== RECORDS SHOWN

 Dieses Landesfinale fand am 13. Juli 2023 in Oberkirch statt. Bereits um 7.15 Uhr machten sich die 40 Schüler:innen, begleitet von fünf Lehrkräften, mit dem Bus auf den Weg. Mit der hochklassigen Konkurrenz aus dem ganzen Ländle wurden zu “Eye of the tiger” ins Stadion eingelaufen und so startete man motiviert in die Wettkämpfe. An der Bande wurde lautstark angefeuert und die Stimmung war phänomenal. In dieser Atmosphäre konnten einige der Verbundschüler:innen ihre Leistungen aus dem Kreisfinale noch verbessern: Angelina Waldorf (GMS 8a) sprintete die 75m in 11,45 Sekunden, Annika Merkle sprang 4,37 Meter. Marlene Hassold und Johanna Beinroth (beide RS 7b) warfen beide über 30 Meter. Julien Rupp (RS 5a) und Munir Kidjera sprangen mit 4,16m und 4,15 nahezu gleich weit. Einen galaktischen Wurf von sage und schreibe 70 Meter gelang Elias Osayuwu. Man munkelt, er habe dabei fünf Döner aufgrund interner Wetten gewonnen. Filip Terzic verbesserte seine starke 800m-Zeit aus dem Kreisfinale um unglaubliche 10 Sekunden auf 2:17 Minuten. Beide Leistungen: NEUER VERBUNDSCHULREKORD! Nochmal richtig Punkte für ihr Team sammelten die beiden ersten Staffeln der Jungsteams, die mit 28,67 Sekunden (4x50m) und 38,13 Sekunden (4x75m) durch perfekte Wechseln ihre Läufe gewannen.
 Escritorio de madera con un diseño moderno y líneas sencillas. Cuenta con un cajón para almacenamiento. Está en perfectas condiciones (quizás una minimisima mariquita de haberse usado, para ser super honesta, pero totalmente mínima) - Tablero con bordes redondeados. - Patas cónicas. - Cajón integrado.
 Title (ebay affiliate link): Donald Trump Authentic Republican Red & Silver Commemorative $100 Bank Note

====
== RECORDS SHOWN

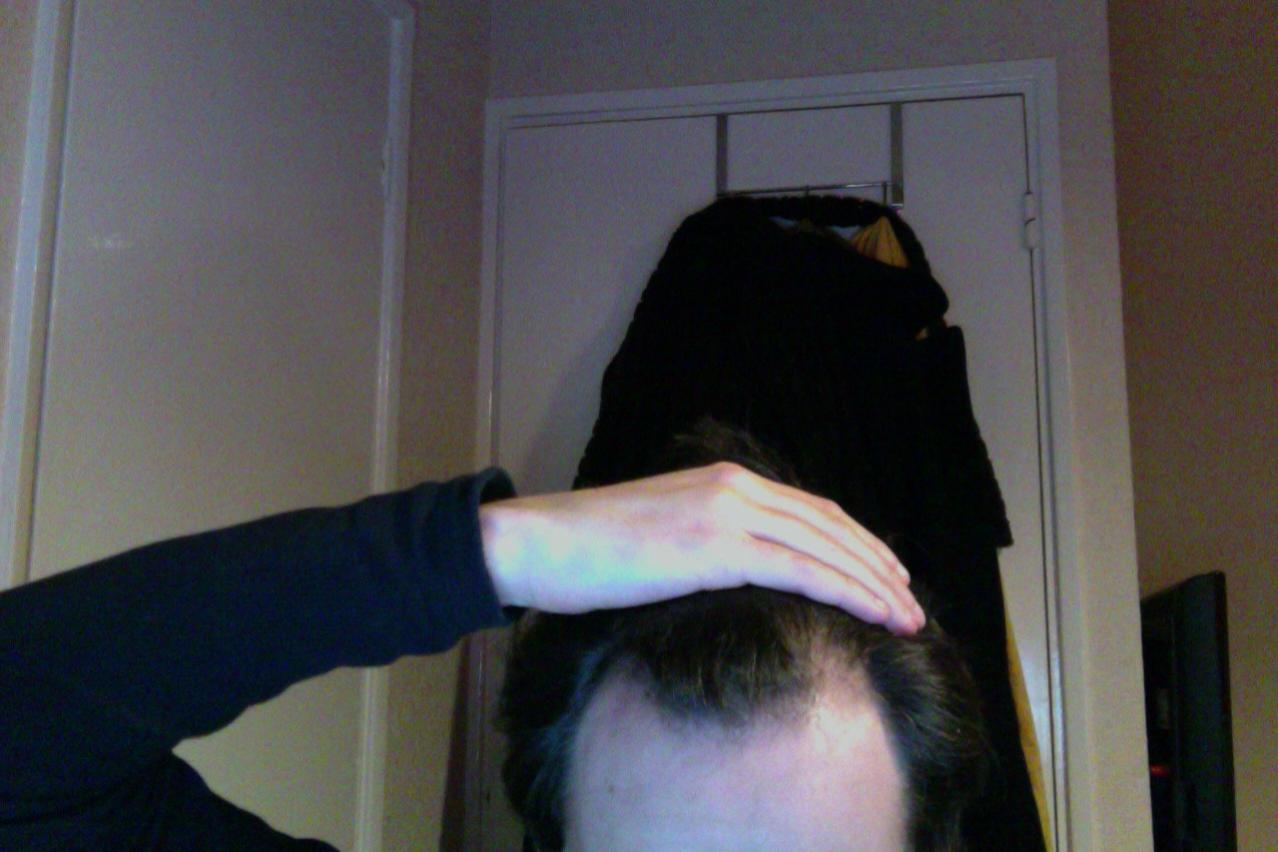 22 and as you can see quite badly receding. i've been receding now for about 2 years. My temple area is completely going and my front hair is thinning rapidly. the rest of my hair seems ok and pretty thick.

====

PROMPT: Return only the lines between the one holding "Dieses Landesfinale fand" and the one holding "Title (ebay affiliate", inclusive, exactly as they appear above.

EXERCISE RESPONSE:
 Dieses Landesfinale fand am 13. Juli 2023 in Oberkirch statt. Bereits um 7.15 Uhr machten sich die 40 Schüler:innen, begleitet von fünf Lehrkräften, mit dem Bus auf den Weg. Mit der hochklassigen Konkurrenz aus dem ganzen Ländle wurden zu “Eye of the tiger” ins Stadion eingelaufen und so startete man motiviert in die Wettkämpfe. An der Bande wurde lautstark angefeuert und die Stimmung war phänomenal. In dieser Atmosphäre konnten einige der Verbundschüler:innen ihre Leistungen aus dem Kreisfinale noch verbessern: Angelina Waldorf (GMS 8a) sprintete die 75m in 11,45 Sekunden, Annika Merkle sprang 4,37 Meter. Marlene Hassold und Johanna Beinroth (beide RS 7b) warfen beide über 30 Meter. Julien Rupp (RS 5a) und Munir Kidjera sprangen mit 4,16m und 4,15 nahezu gleich weit. Einen galaktischen Wurf von sage und schreibe 70 Meter gelang Elias Osayuwu. Man munkelt, er habe dabei fünf Döner aufgrund interner Wetten gewonnen. Filip Terzic verbesserte seine starke 800m-Zeit aus dem Kreisfinale um unglaubliche 10 Sekunden auf 2:17 Minuten. Beide Leistungen: NEUER VERBUNDSCHULREKORD! Nochmal richtig Punkte für ihr Team sammelten die beiden ersten Staffeln der Jungsteams, die mit 28,67 Sekunden (4x50m) und 38,13 Sekunden (4x75m) durch perfekte Wechseln ihre Läufe gewannen.
 Escritorio de madera con un diseño moderno y líneas sencillas. Cuenta con un cajón para almacenamiento. Está en perfectas condiciones (quizás una minimisima mariquita de haberse usado, para ser super honesta, pero totalmente mínima) - Tablero con bordes redondeados. - Patas cónicas. - Cajón integrado.
 Title (ebay affiliate link): Donald Trump Authentic Republican Red & Silver Commemorative $100 Bank Note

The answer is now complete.